*Input data*:
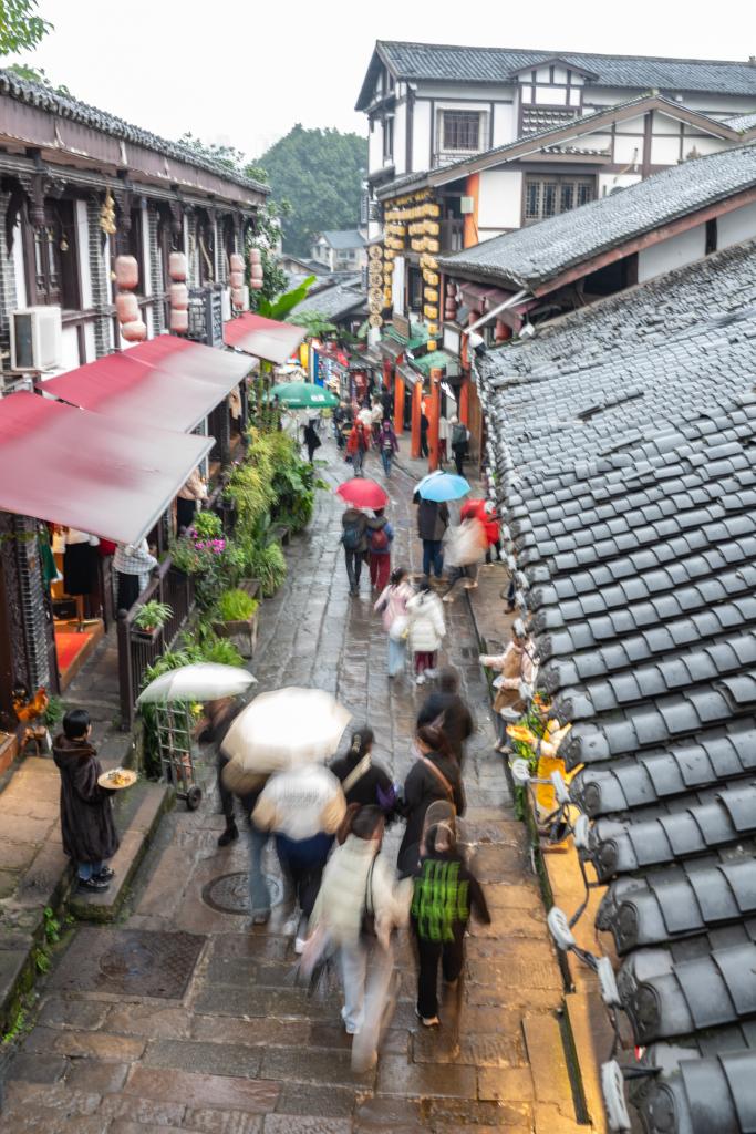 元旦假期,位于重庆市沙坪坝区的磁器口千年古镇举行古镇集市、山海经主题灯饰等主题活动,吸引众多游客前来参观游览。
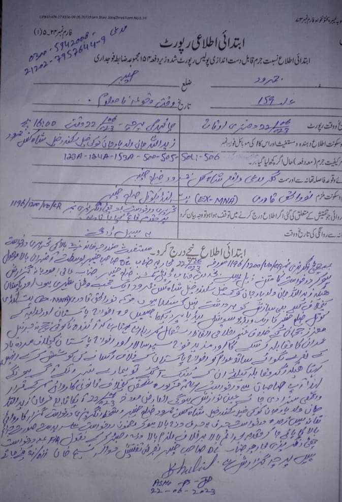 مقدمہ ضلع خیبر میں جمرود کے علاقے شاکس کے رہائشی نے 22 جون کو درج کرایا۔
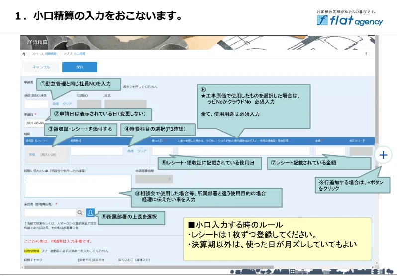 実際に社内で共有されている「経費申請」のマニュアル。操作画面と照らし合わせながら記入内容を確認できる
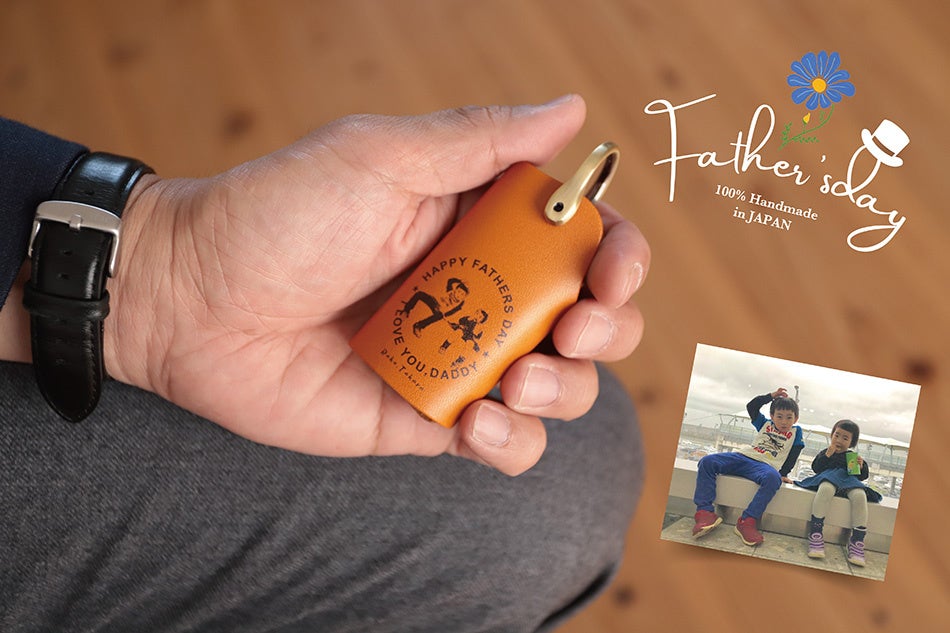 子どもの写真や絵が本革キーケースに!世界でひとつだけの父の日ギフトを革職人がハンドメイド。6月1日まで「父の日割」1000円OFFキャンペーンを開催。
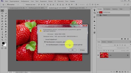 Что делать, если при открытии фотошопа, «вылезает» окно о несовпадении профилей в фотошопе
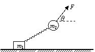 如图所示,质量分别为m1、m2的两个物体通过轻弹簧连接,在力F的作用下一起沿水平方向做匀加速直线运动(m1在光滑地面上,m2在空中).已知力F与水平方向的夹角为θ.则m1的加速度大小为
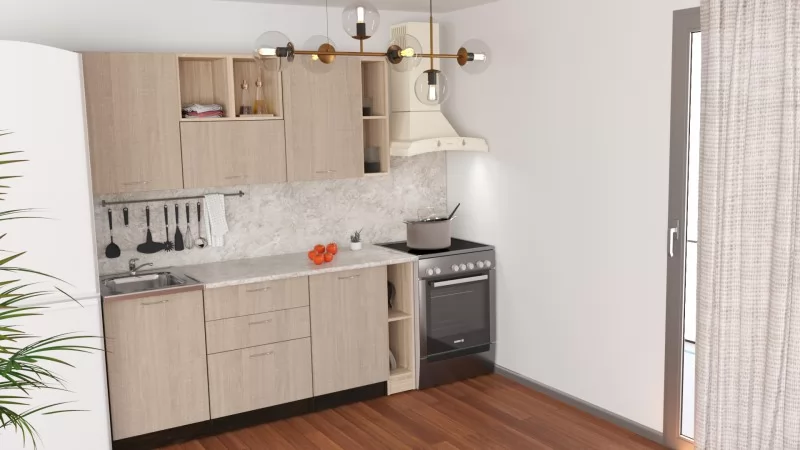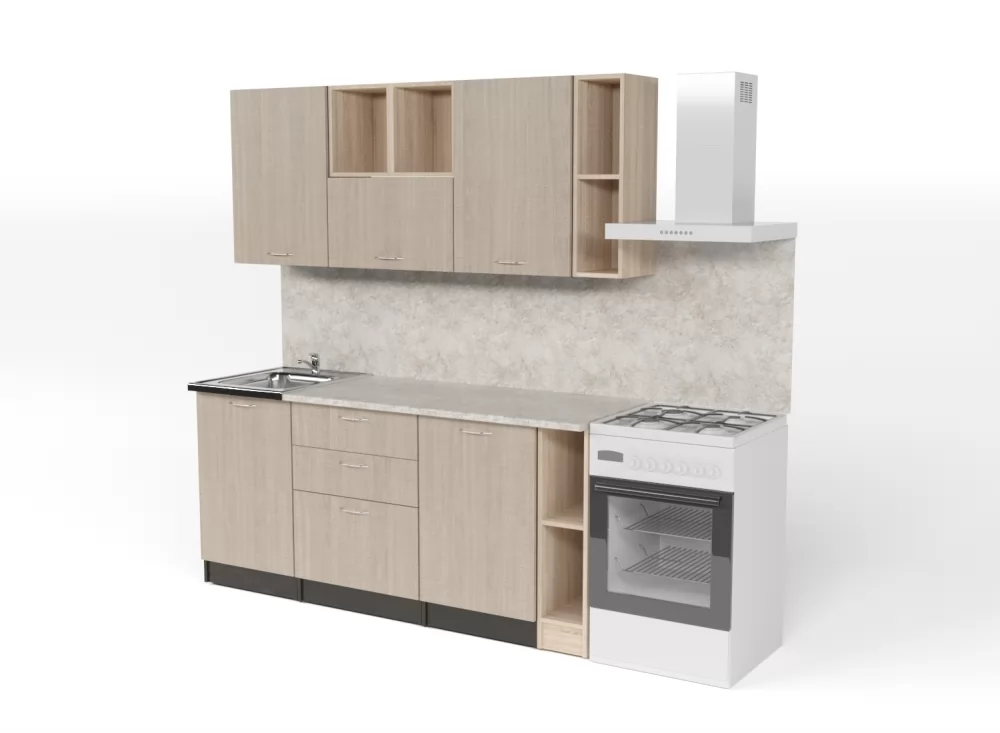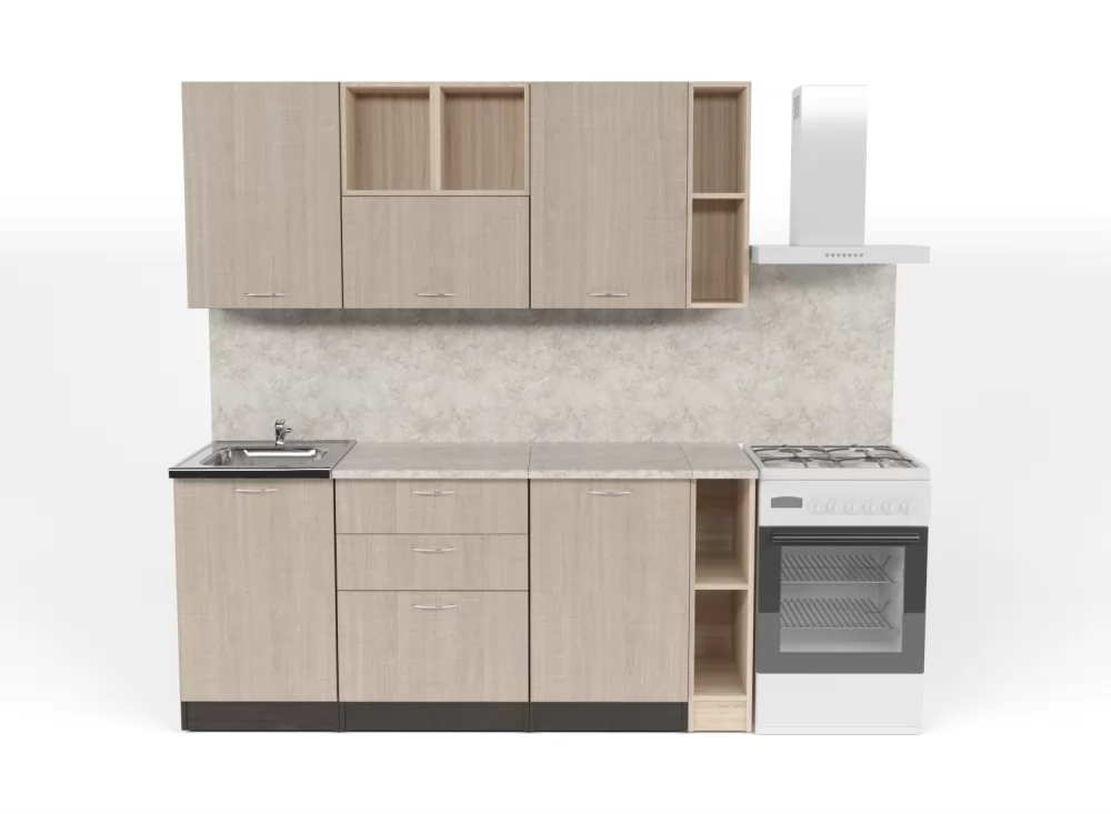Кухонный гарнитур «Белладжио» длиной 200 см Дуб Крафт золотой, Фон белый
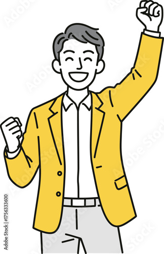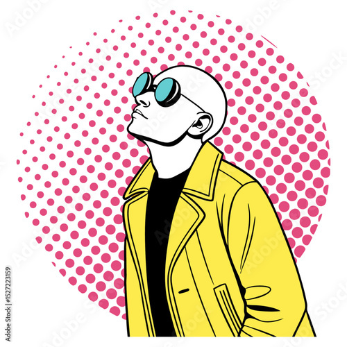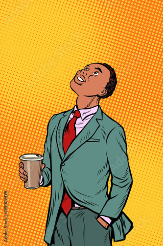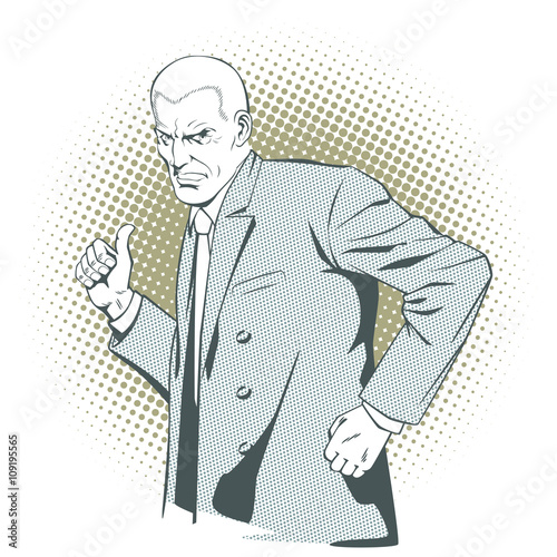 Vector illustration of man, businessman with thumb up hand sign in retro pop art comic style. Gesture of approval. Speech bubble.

*Problem description*: Print, without pictures, exactly the lines from the one containing "золотой, Фон белый" through the final line of the records above.

*Answer section*:
Кухонный гарнитур «Белладжио» длиной 200 см Дуб Крафт золотой, Фон белый
 Vector illustration of man, businessman with thumb up hand sign in retro pop art comic style. Gesture of approval. Speech bubble.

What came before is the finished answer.